BEGIN

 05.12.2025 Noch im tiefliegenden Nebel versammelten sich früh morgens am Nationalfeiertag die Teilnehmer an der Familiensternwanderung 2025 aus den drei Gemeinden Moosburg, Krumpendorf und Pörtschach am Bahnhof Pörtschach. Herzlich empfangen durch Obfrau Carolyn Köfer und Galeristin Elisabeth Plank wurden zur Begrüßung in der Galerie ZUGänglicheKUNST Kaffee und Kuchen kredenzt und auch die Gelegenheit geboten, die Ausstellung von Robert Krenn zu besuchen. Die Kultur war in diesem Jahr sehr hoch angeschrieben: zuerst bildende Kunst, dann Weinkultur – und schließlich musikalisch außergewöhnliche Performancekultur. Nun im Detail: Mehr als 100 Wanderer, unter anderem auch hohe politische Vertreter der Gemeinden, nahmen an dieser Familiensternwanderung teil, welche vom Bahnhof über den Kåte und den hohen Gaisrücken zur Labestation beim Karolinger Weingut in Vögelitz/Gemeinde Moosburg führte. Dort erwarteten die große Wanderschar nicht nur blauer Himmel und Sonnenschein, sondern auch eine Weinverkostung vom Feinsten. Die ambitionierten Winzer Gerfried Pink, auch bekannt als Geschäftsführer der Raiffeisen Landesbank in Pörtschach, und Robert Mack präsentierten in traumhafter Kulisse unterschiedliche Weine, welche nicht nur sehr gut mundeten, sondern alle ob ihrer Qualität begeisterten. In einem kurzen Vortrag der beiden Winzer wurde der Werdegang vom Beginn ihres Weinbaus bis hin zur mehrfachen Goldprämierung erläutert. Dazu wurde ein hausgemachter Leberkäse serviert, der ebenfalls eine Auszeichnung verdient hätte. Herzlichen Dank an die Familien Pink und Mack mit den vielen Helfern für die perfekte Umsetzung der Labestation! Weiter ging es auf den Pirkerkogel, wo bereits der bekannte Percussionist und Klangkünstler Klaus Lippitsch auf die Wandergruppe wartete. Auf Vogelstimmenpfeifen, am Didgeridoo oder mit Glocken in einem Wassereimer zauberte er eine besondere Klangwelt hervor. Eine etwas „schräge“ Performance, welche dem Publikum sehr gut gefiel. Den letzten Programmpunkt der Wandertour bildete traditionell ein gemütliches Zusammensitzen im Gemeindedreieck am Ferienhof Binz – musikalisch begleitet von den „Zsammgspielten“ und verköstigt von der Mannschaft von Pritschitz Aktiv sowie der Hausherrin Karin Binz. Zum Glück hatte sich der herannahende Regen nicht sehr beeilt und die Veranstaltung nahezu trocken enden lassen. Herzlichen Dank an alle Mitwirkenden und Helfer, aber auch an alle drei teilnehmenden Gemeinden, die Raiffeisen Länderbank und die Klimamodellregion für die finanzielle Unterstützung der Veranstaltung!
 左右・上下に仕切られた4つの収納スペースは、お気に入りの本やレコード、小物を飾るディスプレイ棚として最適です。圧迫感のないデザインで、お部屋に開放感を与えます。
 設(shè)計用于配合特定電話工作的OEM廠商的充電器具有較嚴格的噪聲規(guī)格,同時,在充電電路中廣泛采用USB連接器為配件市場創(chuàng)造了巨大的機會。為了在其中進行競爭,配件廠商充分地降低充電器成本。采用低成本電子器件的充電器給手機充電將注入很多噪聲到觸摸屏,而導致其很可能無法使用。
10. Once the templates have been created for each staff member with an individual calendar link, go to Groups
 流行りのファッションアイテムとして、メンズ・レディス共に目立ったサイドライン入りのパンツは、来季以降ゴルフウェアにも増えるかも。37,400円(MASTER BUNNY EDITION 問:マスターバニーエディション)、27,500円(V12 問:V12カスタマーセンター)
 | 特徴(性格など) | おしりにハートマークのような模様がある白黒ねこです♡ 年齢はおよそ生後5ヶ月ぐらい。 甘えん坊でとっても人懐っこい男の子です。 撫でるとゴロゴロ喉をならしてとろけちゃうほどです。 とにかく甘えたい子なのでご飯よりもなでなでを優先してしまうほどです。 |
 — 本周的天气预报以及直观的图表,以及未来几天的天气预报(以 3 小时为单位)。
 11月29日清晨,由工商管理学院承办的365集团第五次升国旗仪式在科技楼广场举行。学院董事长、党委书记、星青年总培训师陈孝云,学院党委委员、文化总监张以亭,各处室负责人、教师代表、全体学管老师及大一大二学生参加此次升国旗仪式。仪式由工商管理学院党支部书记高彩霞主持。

END

▶ **WHAT IS BEING ASKED**
Quote every entry exactly.

▶ **ANSWER**
 05.12.2025 Noch im tiefliegenden Nebel versammelten sich früh morgens am Nationalfeiertag die Teilnehmer an der Familiensternwanderung 2025 aus den drei Gemeinden Moosburg, Krumpendorf und Pörtschach am Bahnhof Pörtschach. Herzlich empfangen durch Obfrau Carolyn Köfer und Galeristin Elisabeth Plank wurden zur Begrüßung in der Galerie ZUGänglicheKUNST Kaffee und Kuchen kredenzt und auch die Gelegenheit geboten, die Ausstellung von Robert Krenn zu besuchen. Die Kultur war in diesem Jahr sehr hoch angeschrieben: zuerst bildende Kunst, dann Weinkultur – und schließlich musikalisch außergewöhnliche Performancekultur. Nun im Detail: Mehr als 100 Wanderer, unter anderem auch hohe politische Vertreter der Gemeinden, nahmen an dieser Familiensternwanderung teil, welche vom Bahnhof über den Kåte und den hohen Gaisrücken zur Labestation beim Karolinger Weingut in Vögelitz/Gemeinde Moosburg führte. Dort erwarteten die große Wanderschar nicht nur blauer Himmel und Sonnenschein, sondern auch eine Weinverkostung vom Feinsten. Die ambitionierten Winzer Gerfried Pink, auch bekannt als Geschäftsführer der Raiffeisen Landesbank in Pörtschach, und Robert Mack präsentierten in traumhafter Kulisse unterschiedliche Weine, welche nicht nur sehr gut mundeten, sondern alle ob ihrer Qualität begeisterten. In einem kurzen Vortrag der beiden Winzer wurde der Werdegang vom Beginn ihres Weinbaus bis hin zur mehrfachen Goldprämierung erläutert. Dazu wurde ein hausgemachter Leberkäse serviert, der ebenfalls eine Auszeichnung verdient hätte. Herzlichen Dank an die Familien Pink und Mack mit den vielen Helfern für die perfekte Umsetzung der Labestation! Weiter ging es auf den Pirkerkogel, wo bereits der bekannte Percussionist und Klangkünstler Klaus Lippitsch auf die Wandergruppe wartete. Auf Vogelstimmenpfeifen, am Didgeridoo oder mit Glocken in einem Wassereimer zauberte er eine besondere Klangwelt hervor. Eine etwas „schräge“ Performance, welche dem Publikum sehr gut gefiel. Den letzten Programmpunkt der Wandertour bildete traditionell ein gemütliches Zusammensitzen im Gemeindedreieck am Ferienhof Binz – musikalisch begleitet von den „Zsammgspielten“ und verköstigt von der Mannschaft von Pritschitz Aktiv sowie der Hausherrin Karin Binz. Zum Glück hatte sich der herannahende Regen nicht sehr beeilt und die Veranstaltung nahezu trocken enden lassen. Herzlichen Dank an alle Mitwirkenden und Helfer, aber auch an alle drei teilnehmenden Gemeinden, die Raiffeisen Länderbank und die Klimamodellregion für die finanzielle Unterstützung der Veranstaltung!
 左右・上下に仕切られた4つの収納スペースは、お気に入りの本やレコード、小物を飾るディスプレイ棚として最適です。圧迫感のないデザインで、お部屋に開放感を与えます。
 設(shè)計用于配合特定電話工作的OEM廠商的充電器具有較嚴格的噪聲規(guī)格,同時,在充電電路中廣泛采用USB連接器為配件市場創(chuàng)造了巨大的機會。為了在其中進行競爭,配件廠商充分地降低充電器成本。采用低成本電子器件的充電器給手機充電將注入很多噪聲到觸摸屏,而導致其很可能無法使用。
10. Once the templates have been created for each staff member with an individual calendar link, go to Groups
 流行りのファッションアイテムとして、メンズ・レディス共に目立ったサイドライン入りのパンツは、来季以降ゴルフウェアにも増えるかも。37,400円(MASTER BUNNY EDITION 問:マスターバニーエディション)、27,500円(V12 問:V12カスタマーセンター)
 | 特徴(性格など) | おしりにハートマークのような模様がある白黒ねこです♡ 年齢はおよそ生後5ヶ月ぐらい。 甘えん坊でとっても人懐っこい男の子です。 撫でるとゴロゴロ喉をならしてとろけちゃうほどです。 とにかく甘えたい子なのでご飯よりもなでなでを優先してしまうほどです。 |
 — 本周的天气预报以及直观的图表,以及未来几天的天气预报(以 3 小时为单位)。
 11月29日清晨,由工商管理学院承办的365集团第五次升国旗仪式在科技楼广场举行。学院董事长、党委书记、星青年总培训师陈孝云,学院党委委员、文化总监张以亭,各处室负责人、教师代表、全体学管老师及大一大二学生参加此次升国旗仪式。仪式由工商管理学院党支部书记高彩霞主持。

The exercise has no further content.